Éva a lu pour vous ..
Chroniques littéraires
Cet infini passé toujours présent
Jacqueline Lang
Laurence Massaro
20 janvier 2015
190 pages illustrées
témoignage
Chronique
27 juillet 2024

Sous titre : Témoignage d'une jeune femme sous l'occupation
Paru aux Éditions Laurence Massaro dans la collection Mémoires à vif.
"Je gardais ma douleur et sans rien renier de mon identité, j'en avais peur. Malgré le temps, ce sentiment demeure encore aujourd'hui."
J'ai eu la chance de rencontrer madame Claudine Rams, la fille cadette de Jacqueline Lang, surnommée la Rose dans ce récit d'une importance capitale pour la compréhension intime des évènements survenus pendant la Seconde Guerre mondiale. J'ai ressenti son extrême émotion alors qu'elle me présentait cet ouvrage cher à son cœur, trésor familial inestimable.
Ce n'est pas un roman, non, voici le témoignage rédigé pendant plus de quarante ans avec courage, dans la joie ou l'extrême peine, l'attendrissement ou la sidération, ces sentiments étant aussi vifs qu'au moment où ils sont survenus, par une mère, une fille et petite fille, une sœur, une tante, en bref une Femme ordinaire et cependant héroïque, menacée de disparaître avec les siens sous le rouleau compresseur de l'Histoire.
C'est le destin d'une jeune juive, maman de deux petites filles, Arlette (la Bleue) et Claudine, épouse d'André arrêté un jour chez lui avec son père par deux miliciens français ; elle fera tout ce qui est humainement possible pour sauver ces deux hommes puis sa vie et celle de ses enfants.
Un texte d'une précision et d'une authenticité édifiantes où la narratrice avec élégance, peur quelques fois de heurter ou choquer, marquée d'une éducation stricte où la pudeur est omniprésente, raconte cependant avec une bravoure remarquable l'indicible, l'insupportable, l'inenvisageable.
Après ces quelques jours où l'écho des bottes a à nouveau résonner aux termes des élections européennes et législatives, alors que la peste brune se renforce dans toute l'Europe, que certains défenseurs de la mémoire des victimes de la shoah se sont soudain ralliés au RN, nous laissant stupéfaits et démunis, un tel ouvrage est essentiel afin de ranimer la mémoire bien défaillante de certains et enseigner la vérité aux nouvelles générations.

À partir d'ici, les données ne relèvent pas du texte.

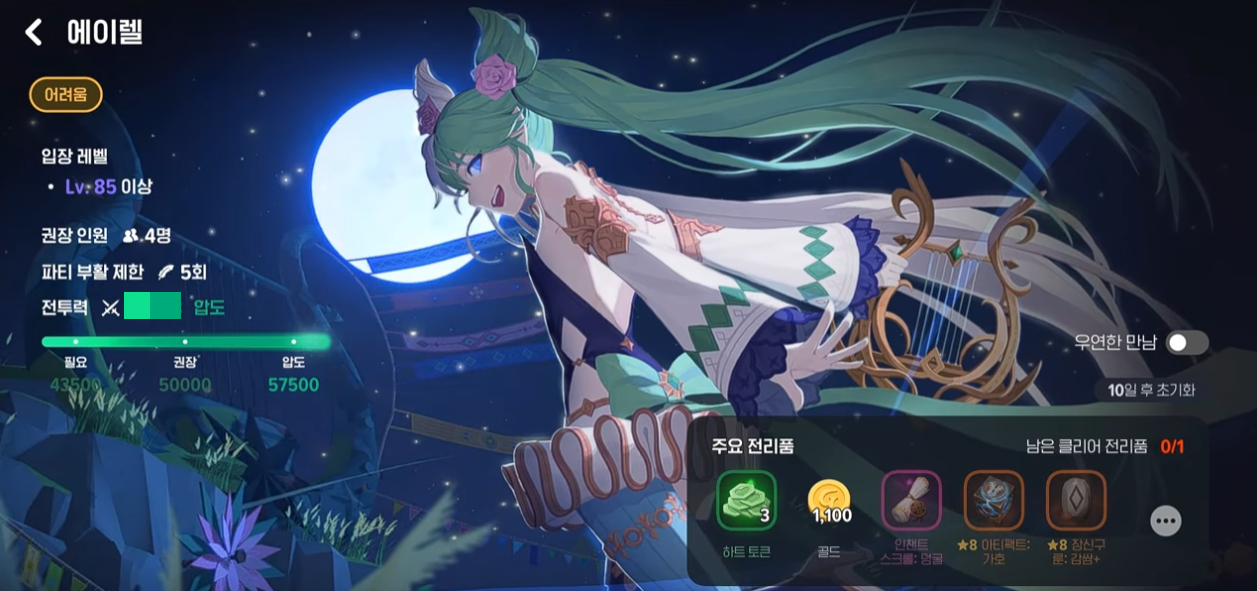 실제 플레이 기준으로 보면 5만 초반대 전투력만 되어도 충분히 클리어가 가능합니다. 다만 파티원 전원이 패턴을 어느 정도 숙지하고 있어야 안정적인 진행이 가능합니다. 광폭화 패턴이 없어 죽지만 않으면 결국 클리어는 가능하다는 점이 장점입니다.
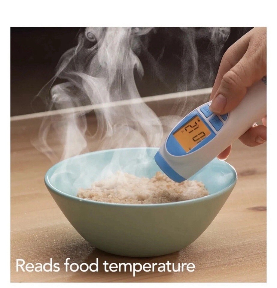 Vicks No Touch 3-in-1 Thermometer Measures Forehead Food and Bath Temperatures.
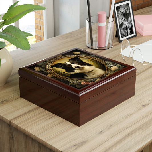 Vintage Art Nouveau Border Collie Jewelry Keepsake Box - Jewelry Travel Case, Birthday Gift Mom, Bridal Party Gift, Jewelry Case, Jewelry Box Girls
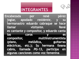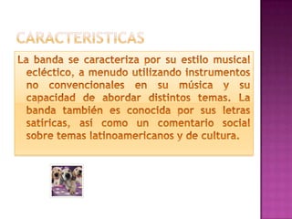 Calle 13 combina diversos géneros musicales como jazz, bossa nova, salsa, cumbia, tango y electrónica en sus canciones. El cantante Residente se resiste a etiquetar su música de Calle 13 en un género específico, prefiriendo describirlo como un estilo urbano y llano.
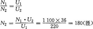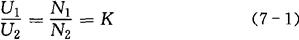 式中 U1——初级交变电压的有效值(V); U2——次级交变电压的有效值(V); N1——初级绕组的匝数; N2——次级绕组的匝数; K——初、次级的电压比,或称匝数比,简称变比。 上式表明,变压器初、次级绕组的电压比等于它们的匝数比K。当K>1时,N1>N2,U1>U2,这种变压器称为降压变压器。当K<1时,N1<N2,U1<U2,这种变压器称为升压变压器。可见,当变压器的初、次级绕组采用不同的匝数比时,就可达到升高或降低电压的目的。 [例7-1] 已知某变压器的初级电压为220V,次级电压为36V,初级的匝数为1100匝,试求该变压器的变比和次级的匝数。 [解] 变比
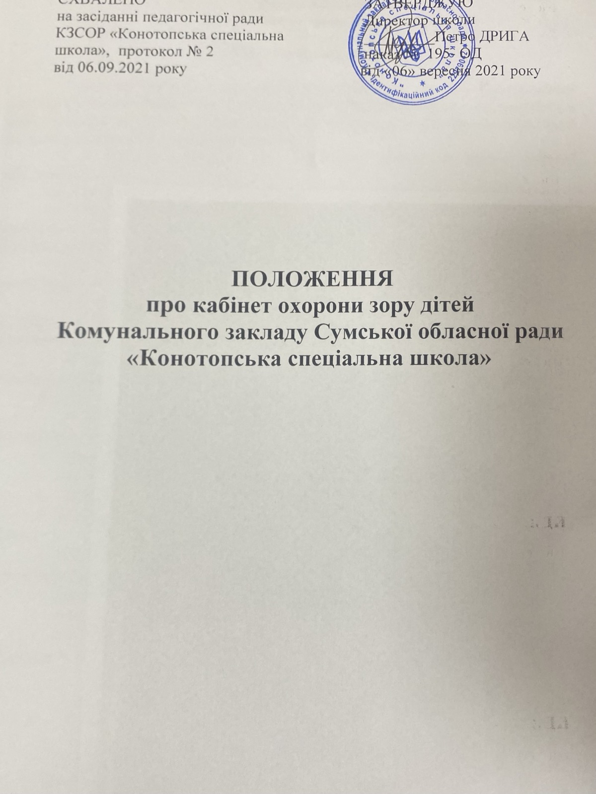 ПОЛОЖЕННЯпро кабінет охорони зору дітей |
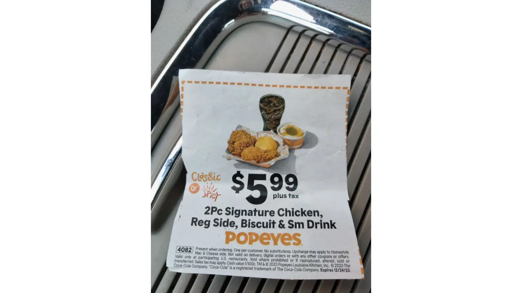 I went in with coupon in hand and the Manager told the cashier No substitutions only what the coupon rings up for. Well it rang up a wing and a leg. My coupon shows a picture and reads 2 Pc signature chicken, reg. side, biscuit & small drink 5.99 plus tax. The picture shows a thigh and a leg. The cashier the took a stack of coupons he had to the side and...
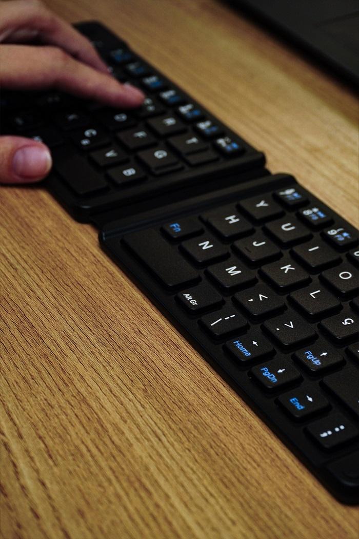 Com um design dobrável e ultra compacto, ele cabe facilmente na bolsa ou no bolso, tornando-se o acessório ideal para quem trabalha em movimento, viaja com frequência ou simplesmente deseja um teclado portátil para maior comodidade no dia a dia.
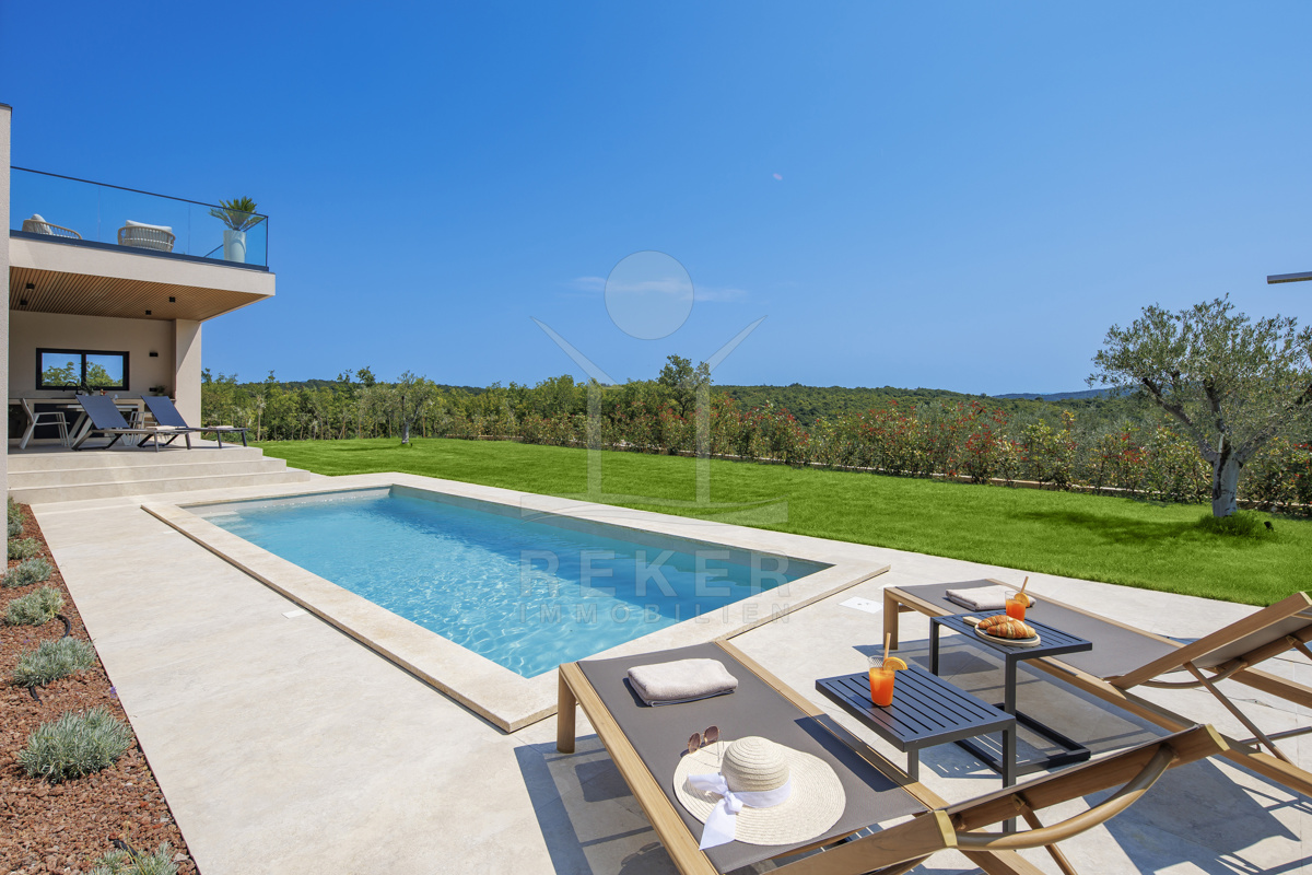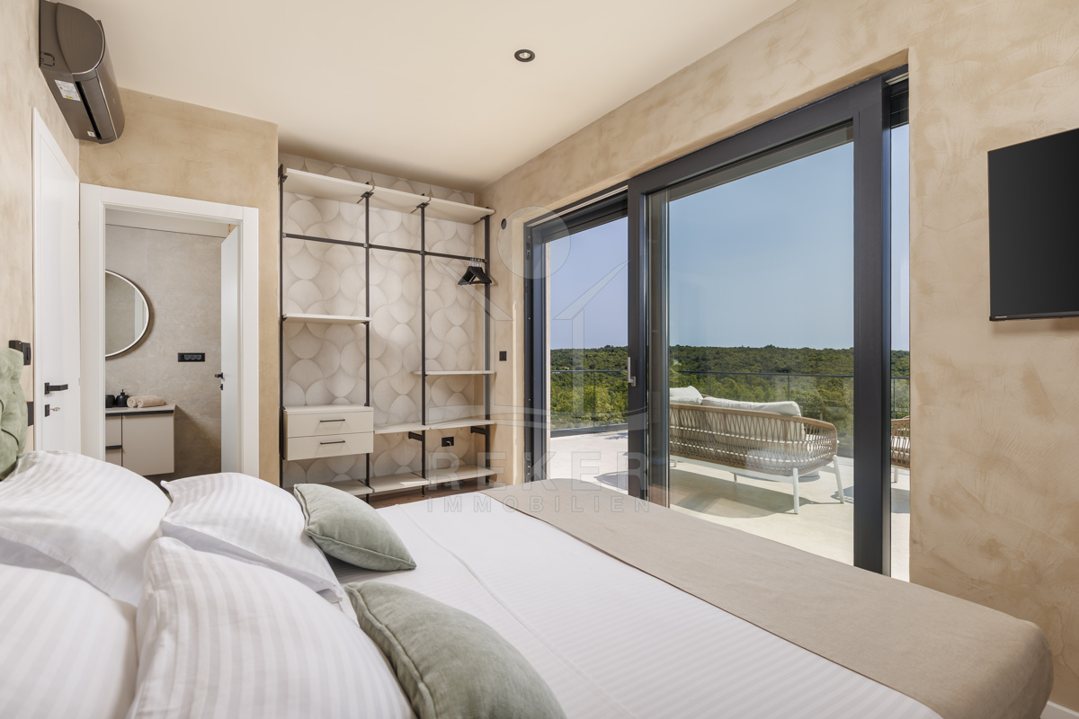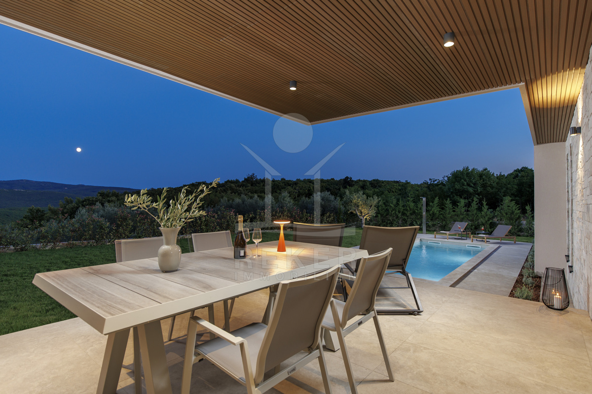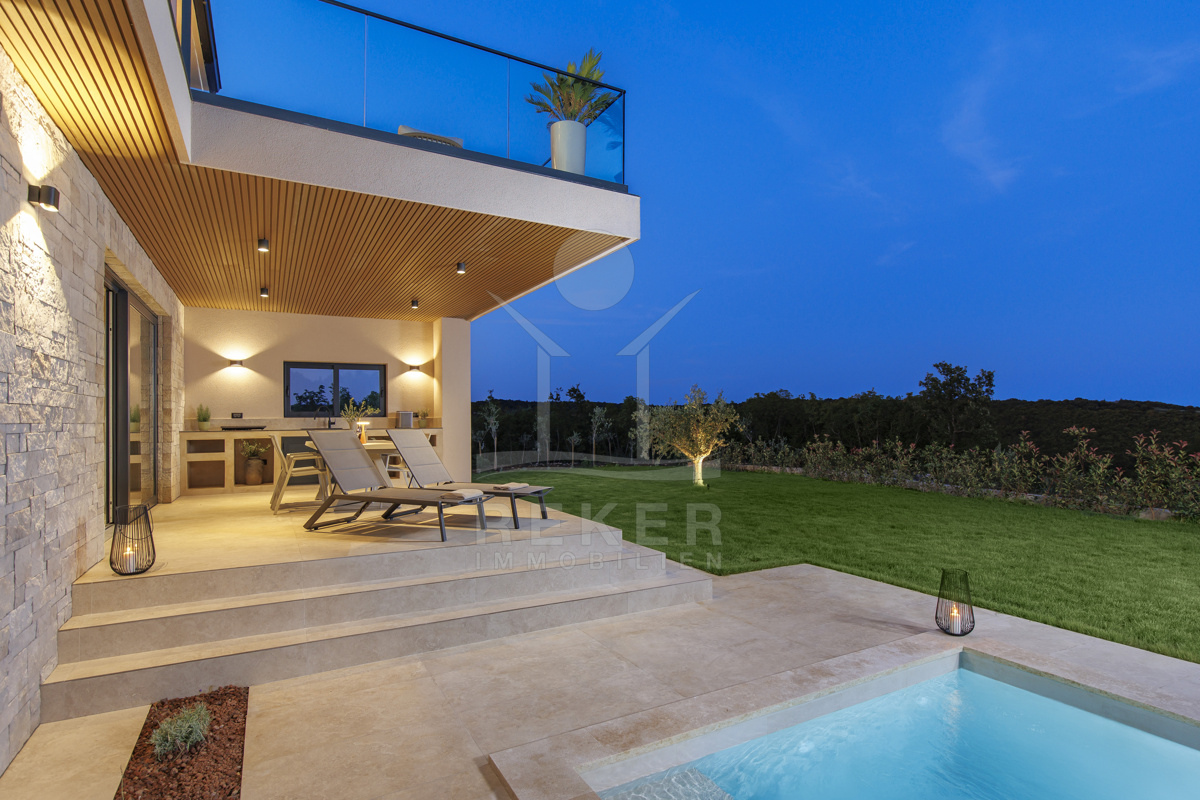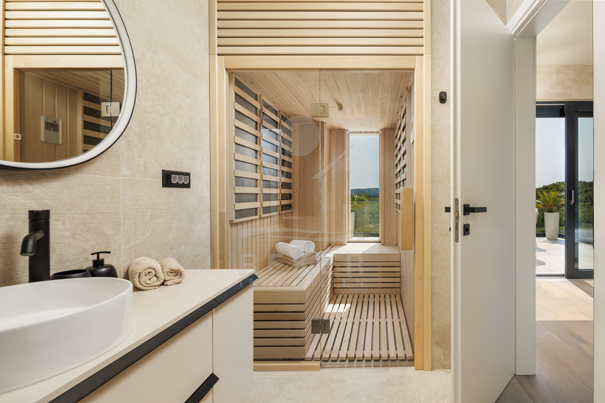 Ein Morgen in der Natur mit Blick auf Olivenhaine, ein Bad im privaten Pool und abends Entspannung in der Sauna – so sieht Ihr Alltag in dieser modernen Villa aus. Das Zusammenspiel von Design und Landschaft bietet ein einzigartiges Lebensgefühl, nur wenige Minuten von Labin entfernt.

J'ai été obligée de faire des poses lors de cette lecture tant j'étais bouleversée ou en colère, tétanisée ou admirative par ce journal aux accents de thriller ou de course poursuite. Nos battements de cœur s'accélèrent alors que le danger se rapproche et que les aiguilles du temps s'affolent.
Totalement identifiée à cette mère courage, je me suis sentie profondément concernée par ce récit qui, si nous ne restons pas vigilants, pourrait être un avertissement.
Jacqueline Lang écrit ne pas comprendre comment ils ont pu être de tels moutons. Et comment pouvons-nous l'être encore aujourd'hui ? Quand comprendrons-nous ?
1940 :
"Après plusieurs promulgations d'ordonnances, le statut des Juifs se dégrade. Suppression des fonctions électives, des fonctions publiques, des professions libérales, création de plusieurs commissariats aux questions juives. "
Juin 1941 :
"un statut très sévère qui élimine les Juifs de l'enseignement supérieur, des professions libérales et commerciales.
Et toujours ceux qui nous gouvernent, ivres de pouvoir, appliquent des mesures discriminatoires visant à diviser pour mieux régner en dictateur, et toujours une grande partie de la population obéit, accepte l'inacceptable, des lois scélérates. Heureusement, des justes se battent dans l'ombre.
J'ai été également très intéressée par la description des conditions d'enfermement d'André à Drancy et du rôle infâme que les nazis tentaient de lui faire jouer. Quel homme ! Ce texte est d'autant plus inoubliable que des photographies y sont adjointes. Très vite, nous imaginons qu'elles se mettent en mouvement, en couleur, nous entendons les voix qui éternellement résonneront dans nos cœurs.
Merci infiniment à Claudine Rams, à l'éditrice et évidemment, plus que tout, à Jacqueline Lang. Vous avez rempli votre mission, madame.